Records from a data collection >>
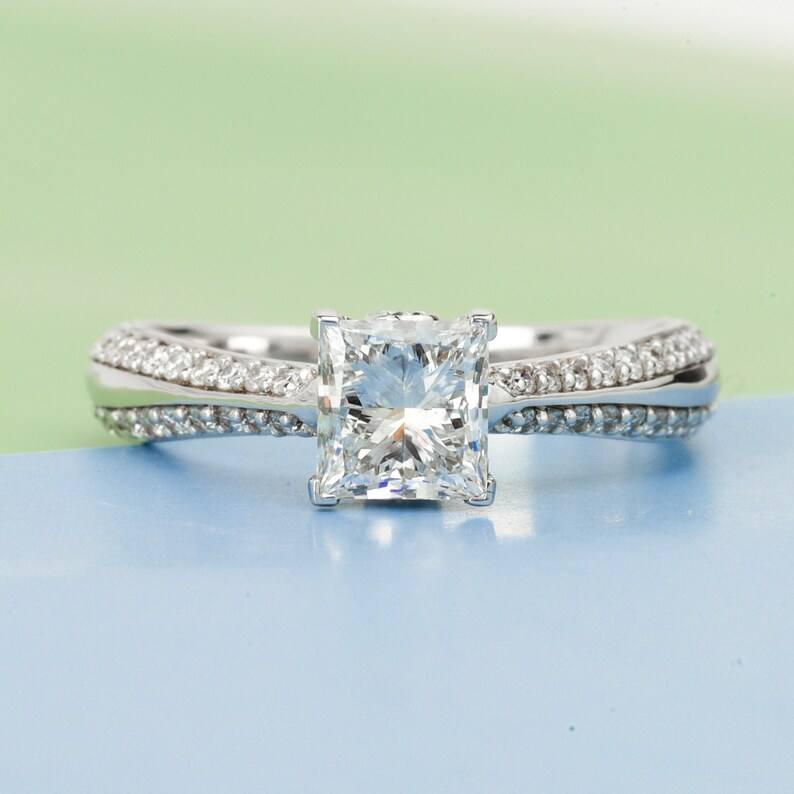 แหวนเพชรทรงปรินเซสคัทเพาะเลี้ยงในห้องปฏิบัติการ 0.5 กะรัต รับรองโดย IGI เพชรที่ผลิตอย่างมีจริยธรรม ประดับด้วยทองคำแท้ 9K 14K 18K
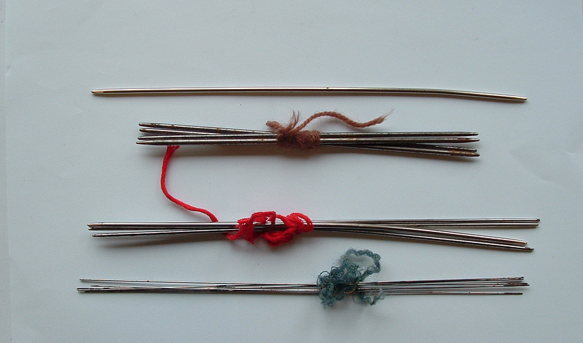 Surviving needles in museums across the North of England, show every variation; blunt and pointy, curved and straight. Although rarely, of course, flat ended.
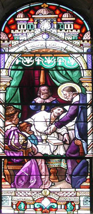 Vincent de Paul assists Louis XIII on deathbed; queen, Anne of Austria with young Louis XIV. Original in church, St-Vincent-de-Paul (Landes), formerly Pouy.
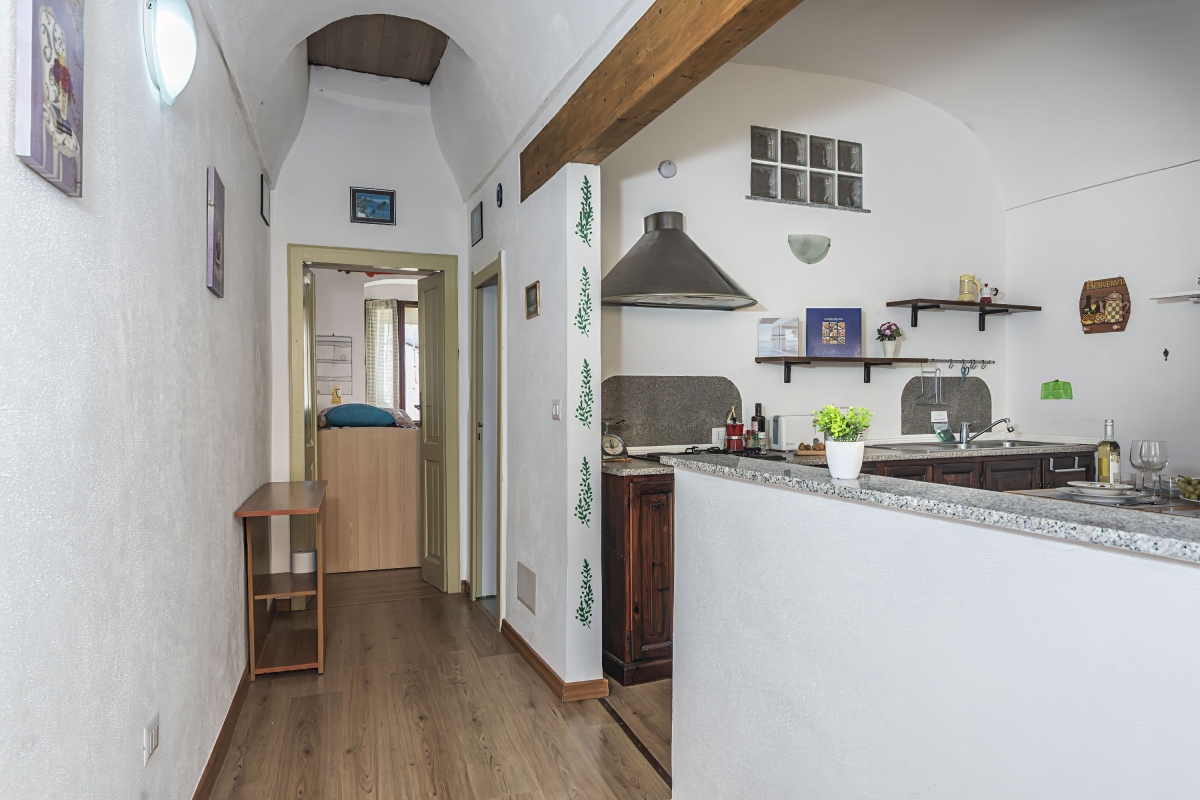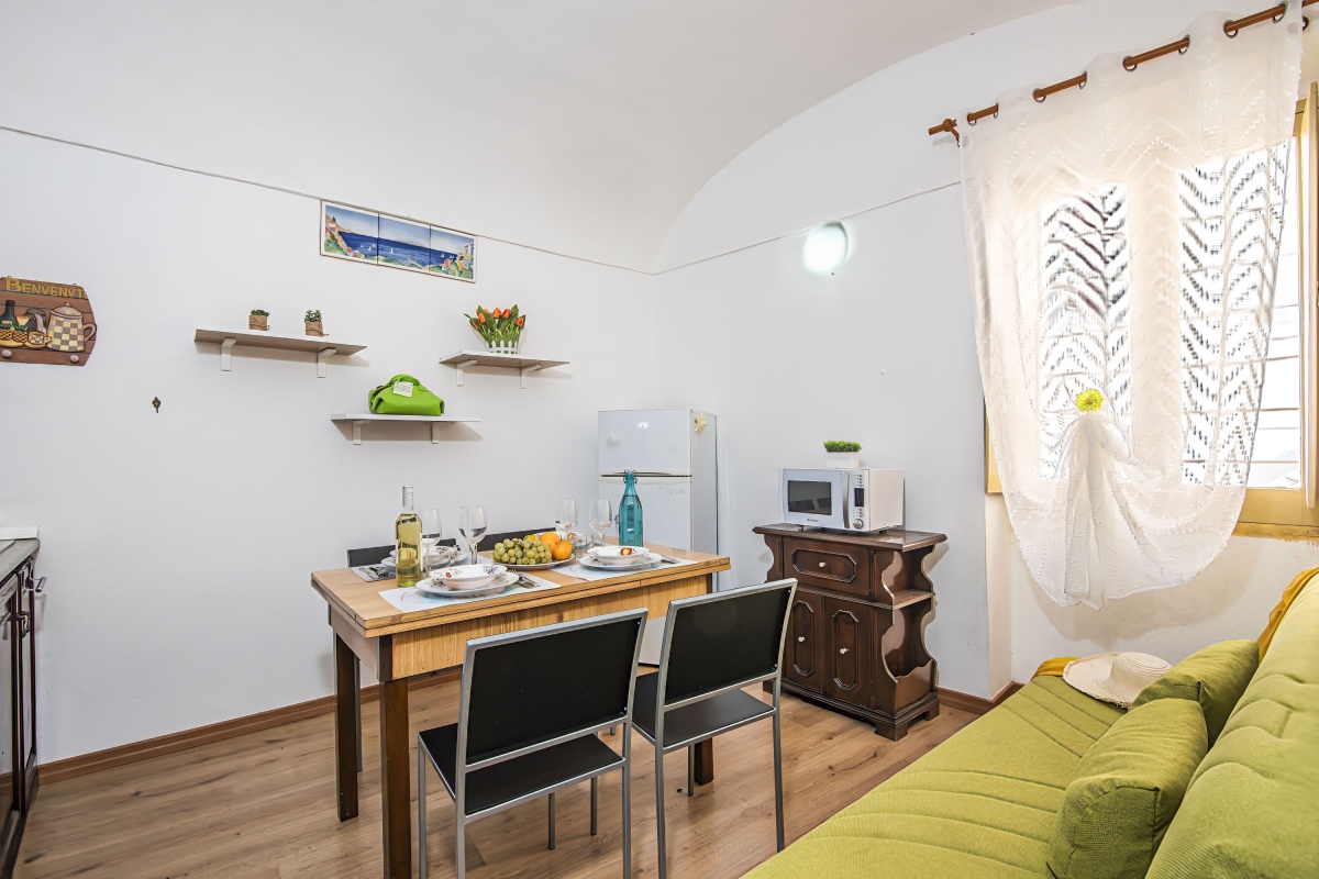 The simple interior consists of an open-plan living space at the front of the house. This is furnished with a sofa, a dining table with chairs and and fitted kitchen. The kitchen is equipped with a cooker hob, microwave, Mokka coffee maker and fridge/freezer.
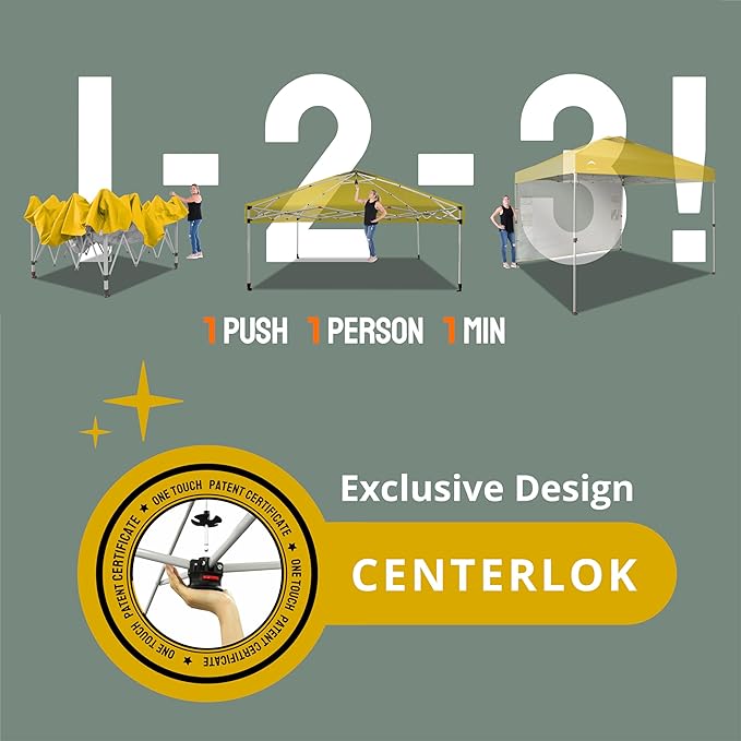 • ONE BUTTON EASY SET UP - Our 10x10 pop up canopy tent features patented one push center lock tech. With just a single push, the central hub locks the poles in place. Designed for the next generation, this outdoor canopy for patio can be set up by two people in seconds without any tools. Three adjustable height settings with soft, pinch-free buttons ensure convenience and safety, making it perfect for camping, beach outings, craft fairs, tailgating, farmer markets, outdoor BBQs, and more
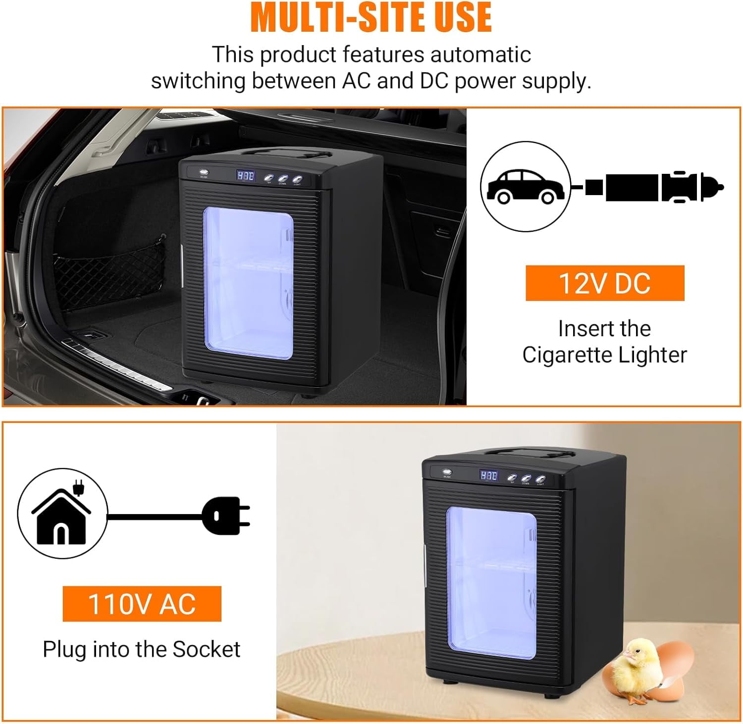 - AC&DC : Configured with AC and DC cables, AC can be used directly indoors and DC can be carried in the car for use when out of the house, a combination of the two methods avoids power outages affecting incubation.
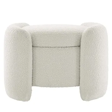 Show more Introducing the Modern Boucle Upholstered Ottoman, the perfect fusion of style and functionality! Crafted from luxurious Nebula Upholstered Teddy Fabric, this ottoman is not just a beautiful addition to your home decor, but also a practical solution for storage. With its plush velvet texture, it offers a super soft touch that elevates the comfort level in any space, be it your living room, bedroom, or vanity area. Designed to fit seamlessly under your vanity desk or in any corner of your home, it's a versatile seat that blends elegance with convenience.

What you need to do >>
The reply should hold the lines from the top of the records through the line containing "Vincent de Paul", reproduced exactly, and no pictures.

Exercise answer >>
 แหวนเพชรทรงปรินเซสคัทเพาะเลี้ยงในห้องปฏิบัติการ 0.5 กะรัต รับรองโดย IGI เพชรที่ผลิตอย่างมีจริยธรรม ประดับด้วยทองคำแท้ 9K 14K 18K
 Surviving needles in museums across the North of England, show every variation; blunt and pointy, curved and straight. Although rarely, of course, flat ended.
 Vincent de Paul assists Louis XIII on deathbed; queen, Anne of Austria with young Louis XIV. Original in church, St-Vincent-de-Paul (Landes), formerly Pouy.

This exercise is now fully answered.